::: Material for the task

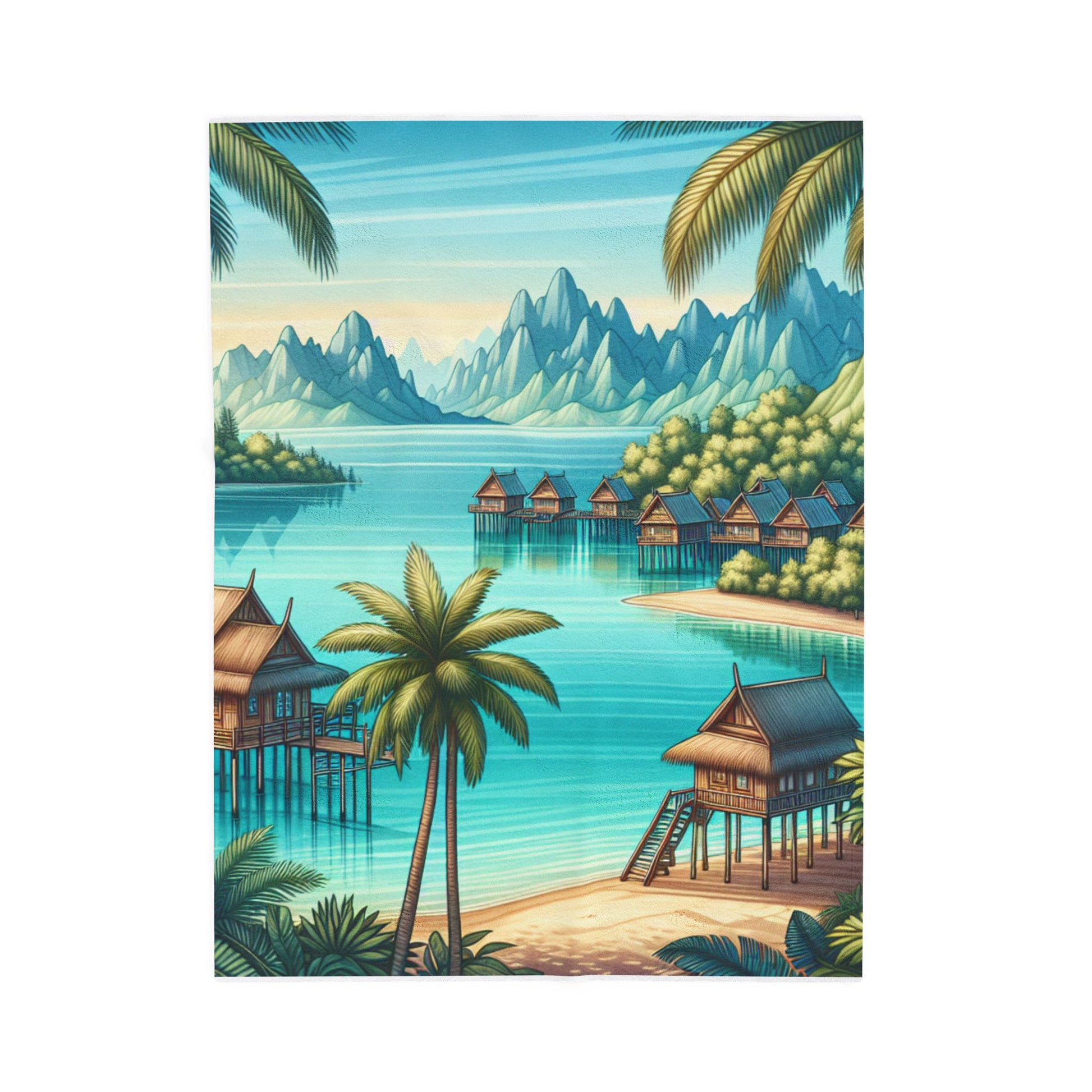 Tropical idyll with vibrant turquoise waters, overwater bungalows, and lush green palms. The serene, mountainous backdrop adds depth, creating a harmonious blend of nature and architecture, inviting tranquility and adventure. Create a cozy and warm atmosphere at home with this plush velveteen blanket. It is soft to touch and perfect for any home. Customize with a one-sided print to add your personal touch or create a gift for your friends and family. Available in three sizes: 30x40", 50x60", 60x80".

::::::
::: Material for the task

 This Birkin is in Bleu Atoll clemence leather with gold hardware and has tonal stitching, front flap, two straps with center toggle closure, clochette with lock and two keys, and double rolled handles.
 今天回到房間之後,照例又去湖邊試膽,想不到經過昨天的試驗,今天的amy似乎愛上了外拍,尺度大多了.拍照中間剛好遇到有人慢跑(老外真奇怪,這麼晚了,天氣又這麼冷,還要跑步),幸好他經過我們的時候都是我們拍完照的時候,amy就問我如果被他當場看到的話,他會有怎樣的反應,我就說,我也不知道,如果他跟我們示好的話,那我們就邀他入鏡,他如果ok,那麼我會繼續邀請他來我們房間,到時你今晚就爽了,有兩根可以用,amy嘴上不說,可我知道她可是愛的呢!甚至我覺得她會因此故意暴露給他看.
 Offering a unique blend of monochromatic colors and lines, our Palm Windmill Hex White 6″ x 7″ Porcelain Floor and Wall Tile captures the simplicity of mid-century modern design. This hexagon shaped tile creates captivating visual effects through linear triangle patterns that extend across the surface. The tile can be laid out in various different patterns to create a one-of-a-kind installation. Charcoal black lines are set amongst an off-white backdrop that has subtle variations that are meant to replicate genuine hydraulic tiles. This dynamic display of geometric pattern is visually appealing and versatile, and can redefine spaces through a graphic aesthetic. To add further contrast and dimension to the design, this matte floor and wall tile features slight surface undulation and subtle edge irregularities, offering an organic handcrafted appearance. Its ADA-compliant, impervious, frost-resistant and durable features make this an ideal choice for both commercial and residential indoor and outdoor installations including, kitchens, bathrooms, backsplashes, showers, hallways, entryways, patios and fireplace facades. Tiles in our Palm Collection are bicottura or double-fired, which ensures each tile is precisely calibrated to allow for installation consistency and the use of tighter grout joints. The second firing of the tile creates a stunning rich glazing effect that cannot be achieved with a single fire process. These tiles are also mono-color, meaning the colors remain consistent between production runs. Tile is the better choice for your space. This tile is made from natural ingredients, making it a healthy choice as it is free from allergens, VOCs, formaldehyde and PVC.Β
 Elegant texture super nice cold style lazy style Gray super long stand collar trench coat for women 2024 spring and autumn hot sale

::::::
::: Material for the task

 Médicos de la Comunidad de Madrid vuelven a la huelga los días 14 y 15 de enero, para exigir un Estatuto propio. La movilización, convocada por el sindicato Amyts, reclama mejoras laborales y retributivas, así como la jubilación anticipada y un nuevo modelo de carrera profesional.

::::::

Above are the records; from them, give again exactly the lines from the one containing "This Birkin is" to the one containing "今天回到房間之後,照例又去湖", both lines included, and nothing more.

 This Birkin is in Bleu Atoll clemence leather with gold hardware and has tonal stitching, front flap, two straps with center toggle closure, clochette with lock and two keys, and double rolled handles.
 今天回到房間之後,照例又去湖邊試膽,想不到經過昨天的試驗,今天的amy似乎愛上了外拍,尺度大多了.拍照中間剛好遇到有人慢跑(老外真奇怪,這麼晚了,天氣又這麼冷,還要跑步),幸好他經過我們的時候都是我們拍完照的時候,amy就問我如果被他當場看到的話,他會有怎樣的反應,我就說,我也不知道,如果他跟我們示好的話,那我們就邀他入鏡,他如果ok,那麼我會繼續邀請他來我們房間,到時你今晚就爽了,有兩根可以用,amy嘴上不說,可我知道她可是愛的呢!甚至我覺得她會因此故意暴露給他看.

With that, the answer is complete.